**Given material**

☆ ☆ ☆

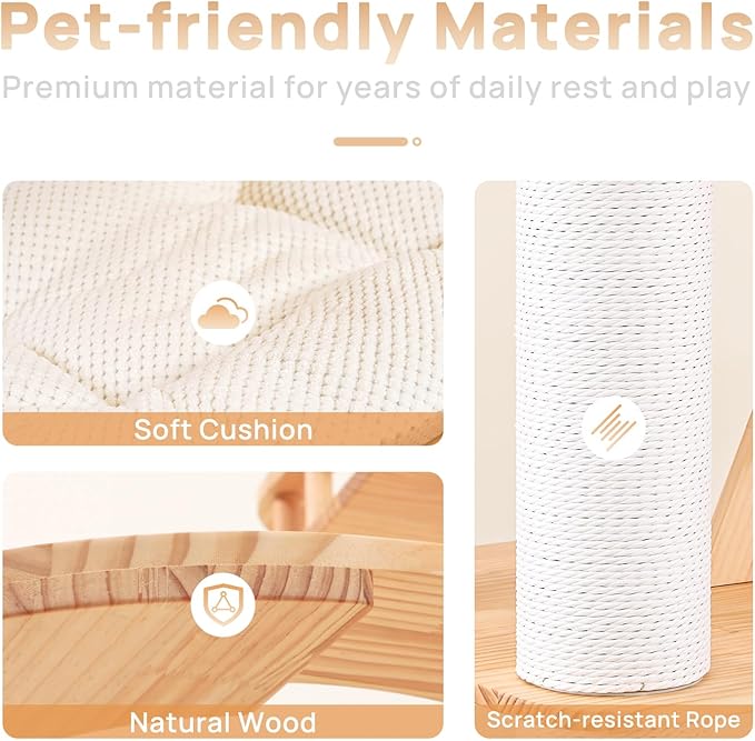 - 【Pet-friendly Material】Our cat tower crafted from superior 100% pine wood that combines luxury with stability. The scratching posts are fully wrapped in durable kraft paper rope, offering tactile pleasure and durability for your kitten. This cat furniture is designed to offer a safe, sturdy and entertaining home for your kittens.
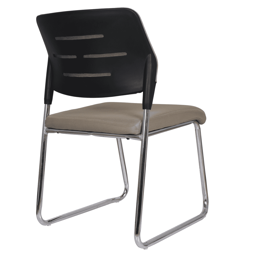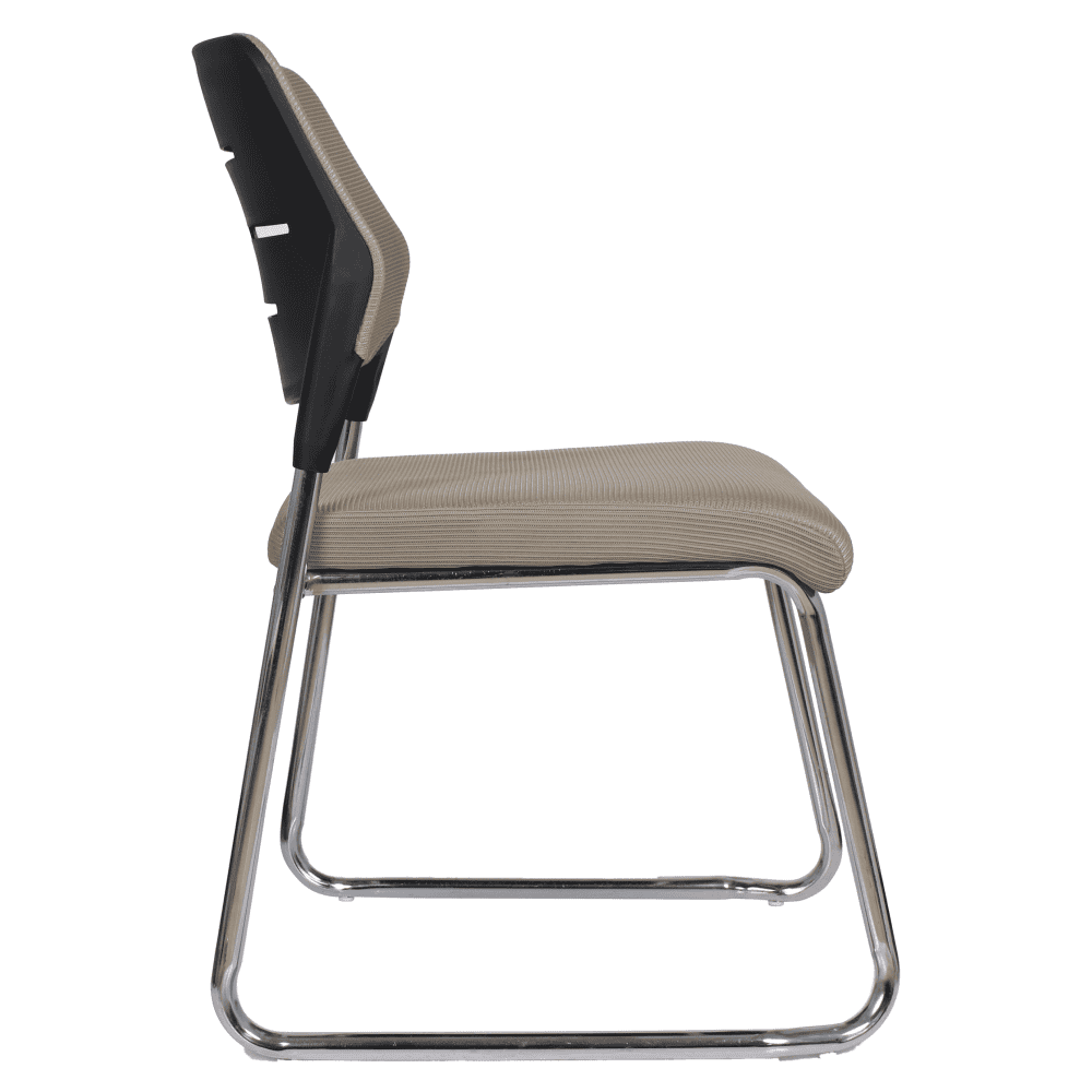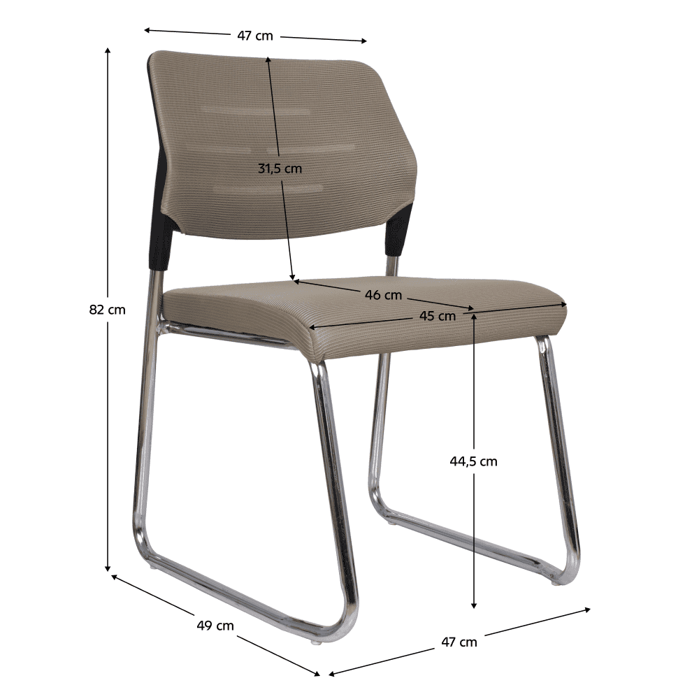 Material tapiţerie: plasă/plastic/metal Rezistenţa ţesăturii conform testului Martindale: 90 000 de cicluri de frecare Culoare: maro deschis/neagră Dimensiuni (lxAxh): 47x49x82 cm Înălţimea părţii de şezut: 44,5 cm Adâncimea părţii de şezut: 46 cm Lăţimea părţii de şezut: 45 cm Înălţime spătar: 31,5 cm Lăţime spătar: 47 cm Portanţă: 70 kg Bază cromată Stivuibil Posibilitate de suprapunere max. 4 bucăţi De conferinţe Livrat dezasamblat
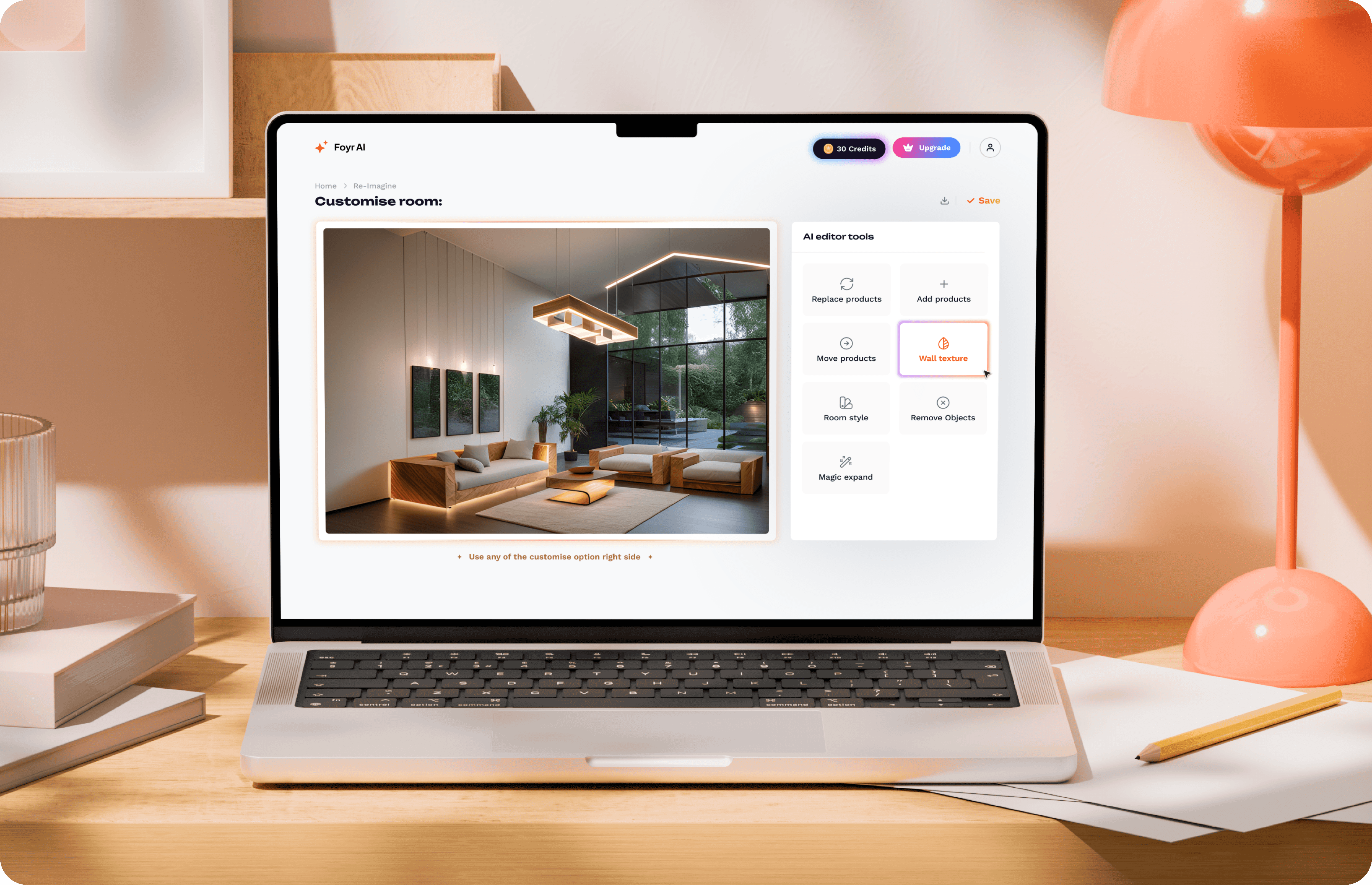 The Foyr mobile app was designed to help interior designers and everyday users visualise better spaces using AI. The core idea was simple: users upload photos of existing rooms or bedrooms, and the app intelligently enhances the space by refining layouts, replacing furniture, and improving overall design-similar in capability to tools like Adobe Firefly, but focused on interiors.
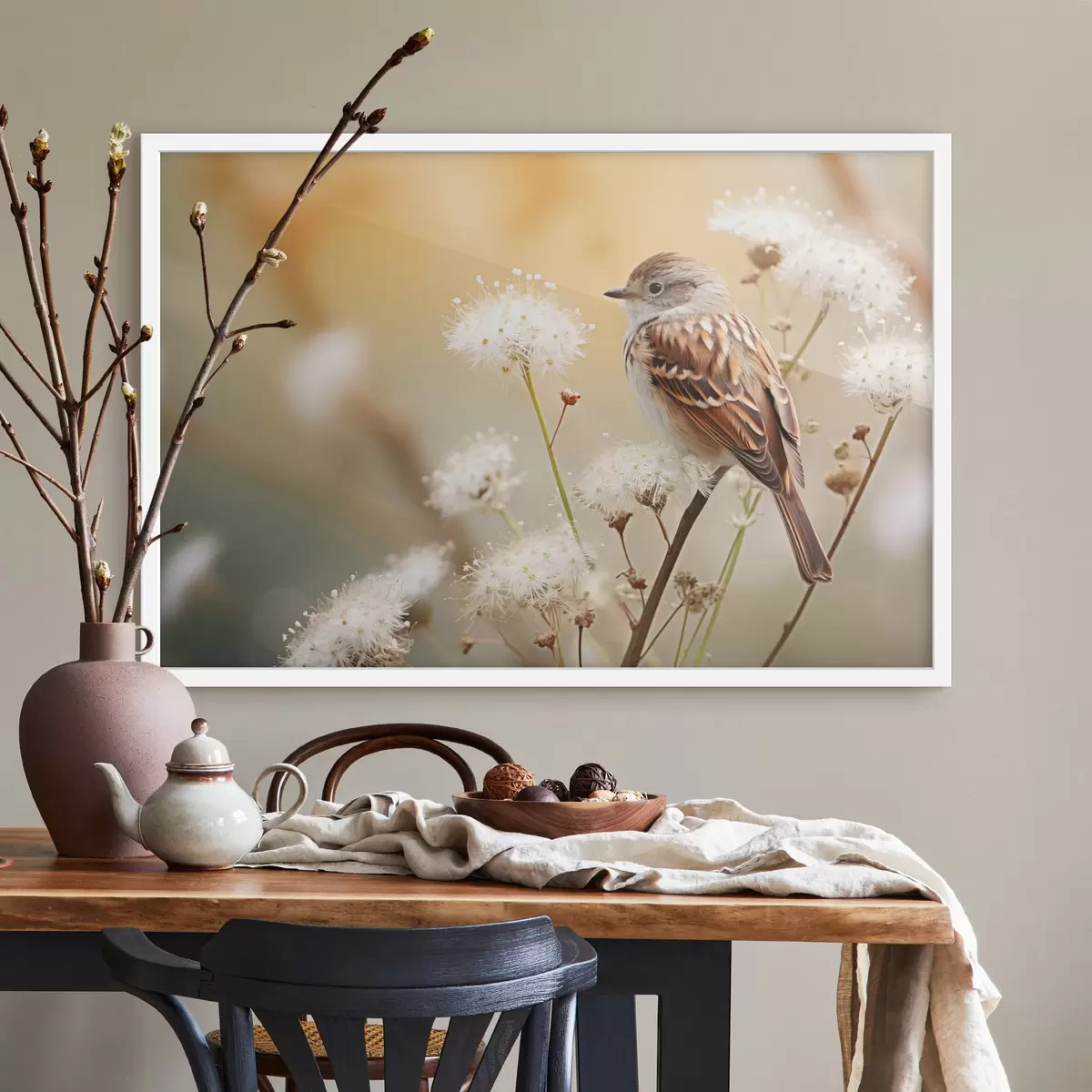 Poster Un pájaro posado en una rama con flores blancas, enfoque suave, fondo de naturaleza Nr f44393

☆ ☆ ☆

**Task directions**
Leave the images out as you retype each line of the material exactly.

**Worked solution**
 - 【Pet-friendly Material】Our cat tower crafted from superior 100% pine wood that combines luxury with stability. The scratching posts are fully wrapped in durable kraft paper rope, offering tactile pleasure and durability for your kitten. This cat furniture is designed to offer a safe, sturdy and entertaining home for your kittens.
 Material tapiţerie: plasă/plastic/metal Rezistenţa ţesăturii conform testului Martindale: 90 000 de cicluri de frecare Culoare: maro deschis/neagră Dimensiuni (lxAxh): 47x49x82 cm Înălţimea părţii de şezut: 44,5 cm Adâncimea părţii de şezut: 46 cm Lăţimea părţii de şezut: 45 cm Înălţime spătar: 31,5 cm Lăţime spătar: 47 cm Portanţă: 70 kg Bază cromată Stivuibil Posibilitate de suprapunere max. 4 bucăţi De conferinţe Livrat dezasamblat
 The Foyr mobile app was designed to help interior designers and everyday users visualise better spaces using AI. The core idea was simple: users upload photos of existing rooms or bedrooms, and the app intelligently enhances the space by refining layouts, replacing furniture, and improving overall design-similar in capability to tools like Adobe Firefly, but focused on interiors.
 Poster Un pájaro posado en una rama con flores blancas, enfoque suave, fondo de naturaleza Nr f44393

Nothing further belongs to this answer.